Before proceeding to step four, the ALJ determined that Plaintiff retained the RFC to perform light work as defined in 20 C.F.R. § 416.967(b), with the following limitations:

he can occasionally operate pedal controls, can occasionally balance, stoop, kneel, crouch, crawl, and climb ramps, stairs, ladders, ropes or scaffolds, should avoid exposure to hazardous conditions such as unprotected heights and dangerous machinery (but he can drive automotive machinery occasionally). Additionally, [Plaintiff] can perform unskilled tasks, work requiring little or no judgment to do simple duties that can be learned on the job in a short period of time, and there can be occasional interaction with the general public and co-workers and frequent interaction with supervisors.
(Id.).

At step four, the ALJ found that Plaintiff was unable to perform any past relevant work. (Id. at 25). At step five, the ALJ relied on the VE's testimony to conclude that, through the date last insured and considering Plaintiff's age, education, work experience, and RFC, there were jobs that existed in significant numbers in the national economy that Plaintiff could perform, including the representative occupations of cleaner/housekeeping, a router, garment folder, and office helper. (Id. at 26). Accordingly, the ALJ found that Plaintiff was not disabled as defined in the Act. (Id.).

II. Remand of this Matter for Further Proceedings Is Necessary

Plaintiff asks the Court to reverse or, in the alternative, remand this matter to the Commissioner, arguing that the Appeals Council erred in its assessment of additional medical evidence submitted by Plaintiff. (Dkt. 12-1 at 16-21). For the reasons set forth below, the Court finds that the Appeals Council improperly assessed the newly submitted evidence and that this error necessitates remand for further administrative proceedings.
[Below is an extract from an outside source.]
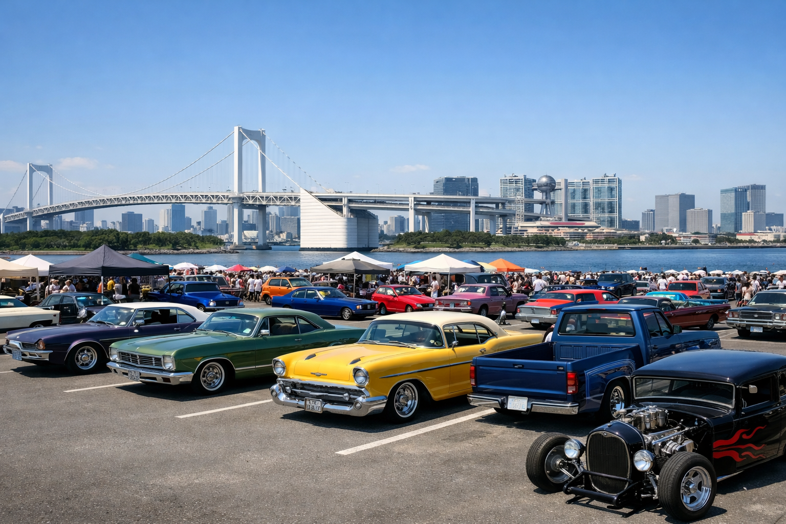 アメリカンカスタムを中心に、ホットロッド・ローライダー・トラッキン・国産カスタムまで幅広いジャンルの車両が集結します。

On July 19, 2019, Plaintiff submitted over 100 pages of records from the Buffalo Federation of Neighborhood Centers for treatment he received there between May 5, 2014 and June 28, 2019. (Dkt. 11-3 at 2-120). In denying Plaintiff's request for review, the Appeals Council stated, “You submitted records from the Buffalo Federation of Neighborhood Centers for May 5, 2014 through June 28, 2019 (119 pages). We find this evidence does not show a reasonable probability that it would change the outcome of the decision, ” and did not admit the exhibits. (Dkt. 11-2 at 3).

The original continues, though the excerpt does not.